■ The task
Starting with the first line of the material, reproduce exactly each line up to and including the one that contains "Das Buch (Download)", leaving out every picture.

■ Provided data

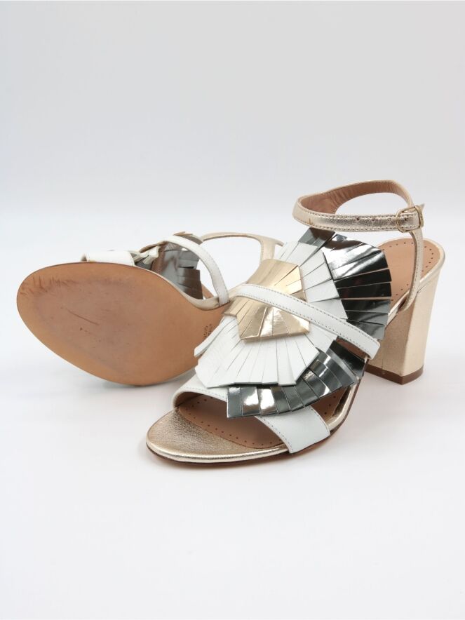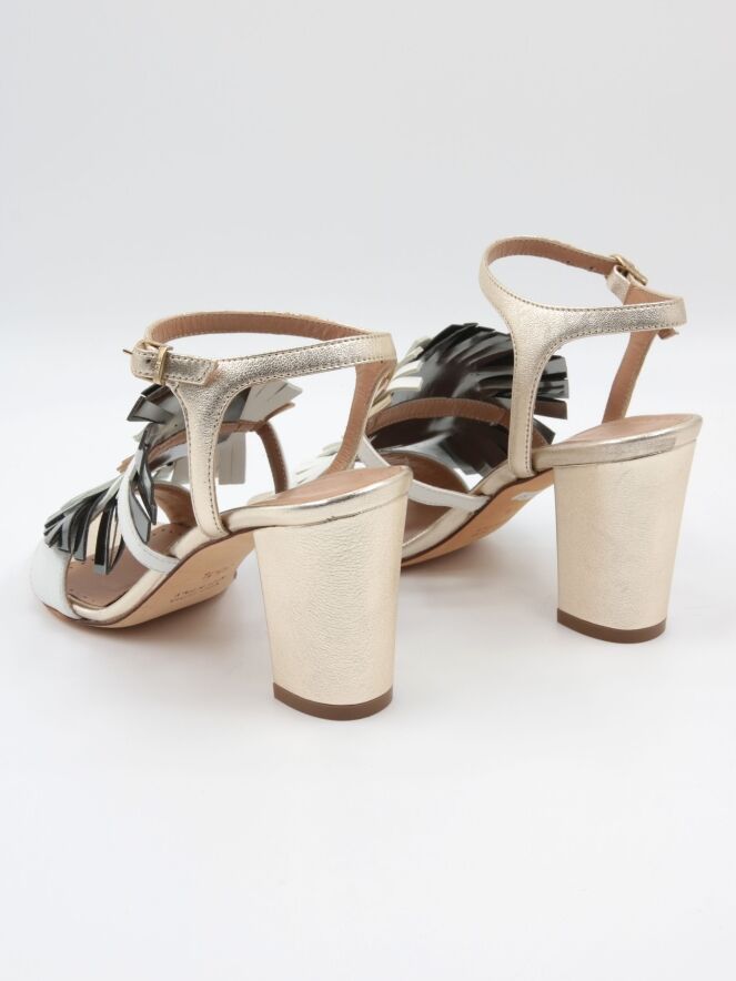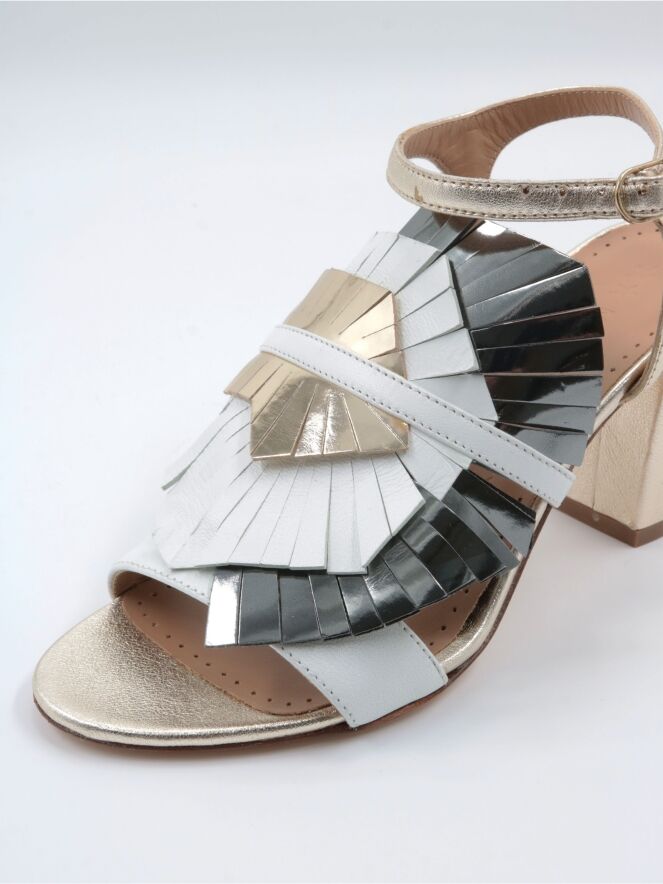Eine Sandale von Marc Ellis in der Farbe Canna di Fucile. Über dem Vorderfuß liegen drei Lagen ausgeschnittenes Leder in Cremeweiß, Platin und Bronze, darüber eine cremeweiße Paspel. Der Knöchelriemen ist verstellbar.
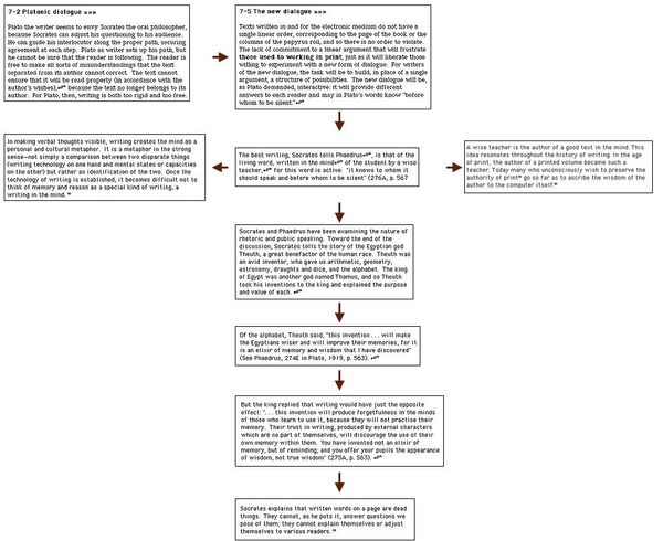Das Buch (Download) erschien ursprünglich mit einer Hypertext-Version auf Diskette, die heute nicht mehr lesbar ist. Die auf Platon bezogenen Passagen (S. 110 ff.) waren in der Hypertext-Version so verlinkt, wie es die Abbildung schematisch anzeigt.
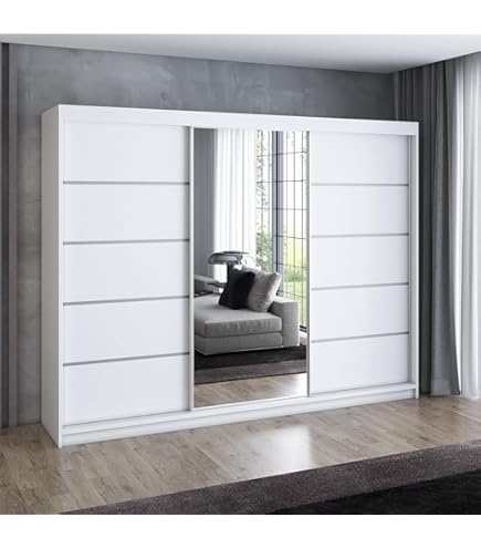 Wow, dieser Schrank hat wirklich alles was man braucht! Der A&J MöbelLand IOSA Schwebetürenschrank bietet unglaublich viel Stauraum auf 200cm Breite. Mit 3 Schiebetüren, 4 Schubladen, 2 Kleiderstangen und 8 Regalfächern findet alles seinen Platz - Kleidung, Schuhe, Accessoires, sogar die Bettwäsche. Die modernen 3D-Lamellen an den Türen sehen nicht nur super stylisch aus, sondern sorgen auch für gute Belüftung. Das SEVROLL-System macht das Öffnen der Türen ganz leicht und leise. Hergestellt aus 16mm laminierten Platten mit Aluminium-Griffen und Metall-Kleiderstangen - richtig robust und langlebig. Maße: 200cm breit, 215cm hoch und 59,5cm tief. Perfekt fürs Schlafzimmer oder die Ankleide. Die Lieferung kommt in handlichen Paketen mit Montageanleitung - zu zweit ist der Aufbau schnell erledigt. Ein echter Hingucker der viel Platz bietet!
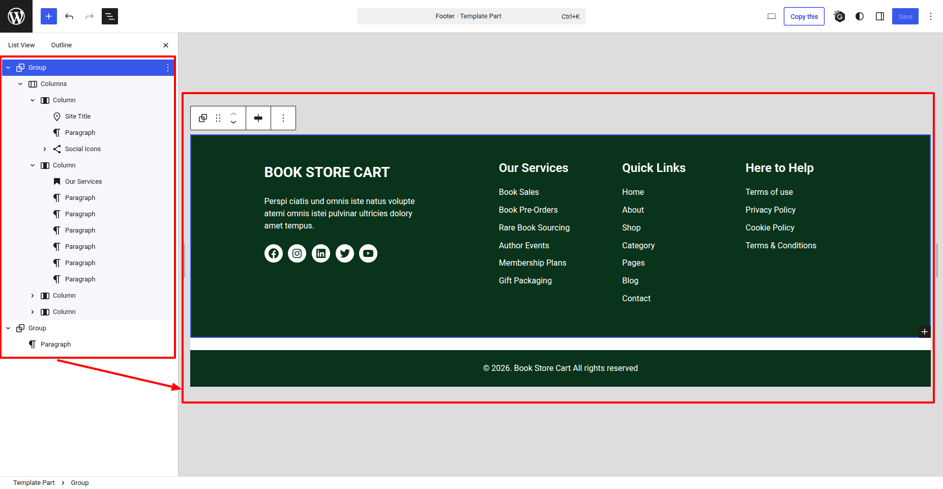 - Go to Your a dashboard on the WordPress platform and Decide into Appearance > Editor > Patterns > Footer > Click on Footer .

■ Task solution
Eine Sandale von Marc Ellis in der Farbe Canna di Fucile. Über dem Vorderfuß liegen drei Lagen ausgeschnittenes Leder in Cremeweiß, Platin und Bronze, darüber eine cremeweiße Paspel. Der Knöchelriemen ist verstellbar.
Das Buch (Download) erschien ursprünglich mit einer Hypertext-Version auf Diskette, die heute nicht mehr lesbar ist. Die auf Platon bezogenen Passagen (S. 110 ff.) waren in der Hypertext-Version so verlinkt, wie es die Abbildung schematisch anzeigt.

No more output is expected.